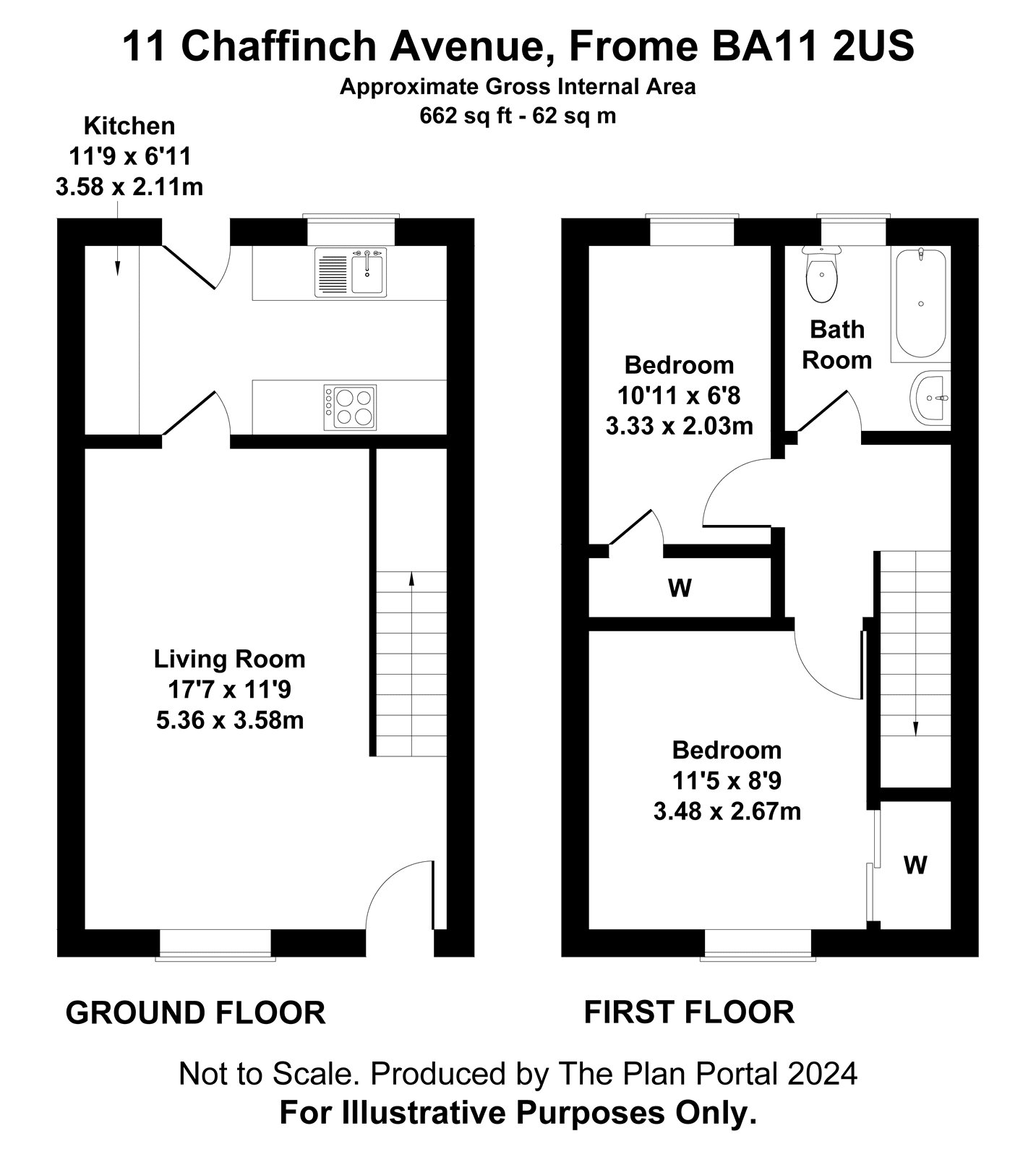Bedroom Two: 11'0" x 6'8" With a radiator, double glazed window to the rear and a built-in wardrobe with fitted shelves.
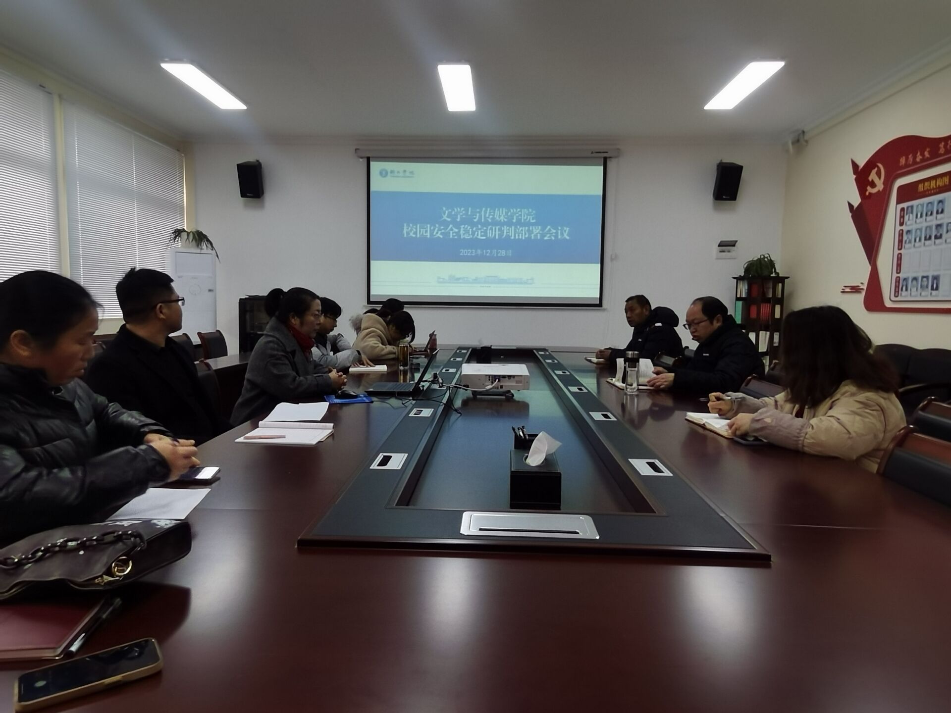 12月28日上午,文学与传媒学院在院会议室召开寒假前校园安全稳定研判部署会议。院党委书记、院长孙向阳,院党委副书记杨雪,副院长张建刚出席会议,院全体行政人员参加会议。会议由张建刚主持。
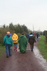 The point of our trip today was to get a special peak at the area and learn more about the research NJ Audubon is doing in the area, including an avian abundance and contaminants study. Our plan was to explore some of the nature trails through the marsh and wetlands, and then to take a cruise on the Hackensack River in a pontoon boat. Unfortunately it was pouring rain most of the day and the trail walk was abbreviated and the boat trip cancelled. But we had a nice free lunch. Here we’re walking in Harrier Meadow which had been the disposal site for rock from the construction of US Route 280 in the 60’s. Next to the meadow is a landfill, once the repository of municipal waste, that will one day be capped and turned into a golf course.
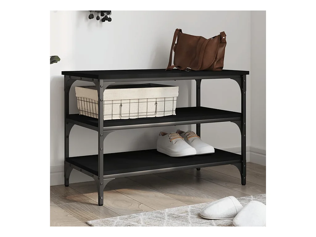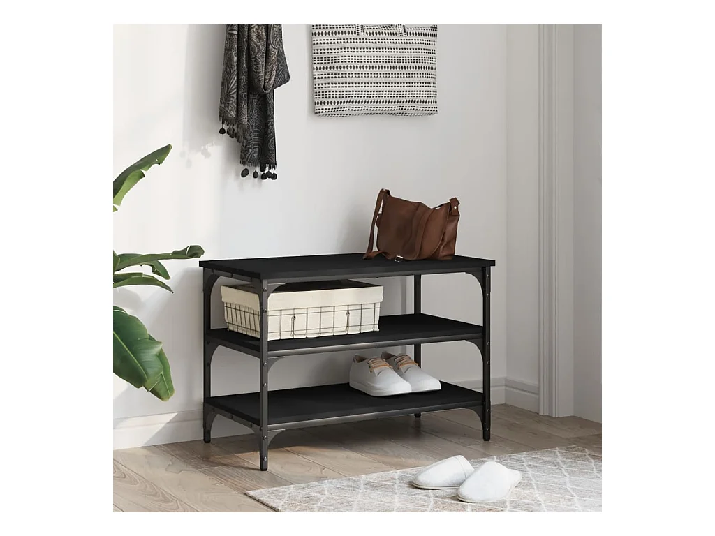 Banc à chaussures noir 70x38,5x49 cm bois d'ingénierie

Assigned task >>
Print out the material word for word, omitting the pictures.

Worked solution >>
Bedroom Two: 11'0" x 6'8" With a radiator, double glazed window to the rear and a built-in wardrobe with fitted shelves.
 12月28日上午,文学与传媒学院在院会议室召开寒假前校园安全稳定研判部署会议。院党委书记、院长孙向阳,院党委副书记杨雪,副院长张建刚出席会议,院全体行政人员参加会议。会议由张建刚主持。
 The point of our trip today was to get a special peak at the area and learn more about the research NJ Audubon is doing in the area, including an avian abundance and contaminants study. Our plan was to explore some of the nature trails through the marsh and wetlands, and then to take a cruise on the Hackensack River in a pontoon boat. Unfortunately it was pouring rain most of the day and the trail walk was abbreviated and the boat trip cancelled. But we had a nice free lunch. Here we’re walking in Harrier Meadow which had been the disposal site for rock from the construction of US Route 280 in the 60’s. Next to the meadow is a landfill, once the repository of municipal waste, that will one day be capped and turned into a golf course.
 Banc à chaussures noir 70x38,5x49 cm bois d'ingénierie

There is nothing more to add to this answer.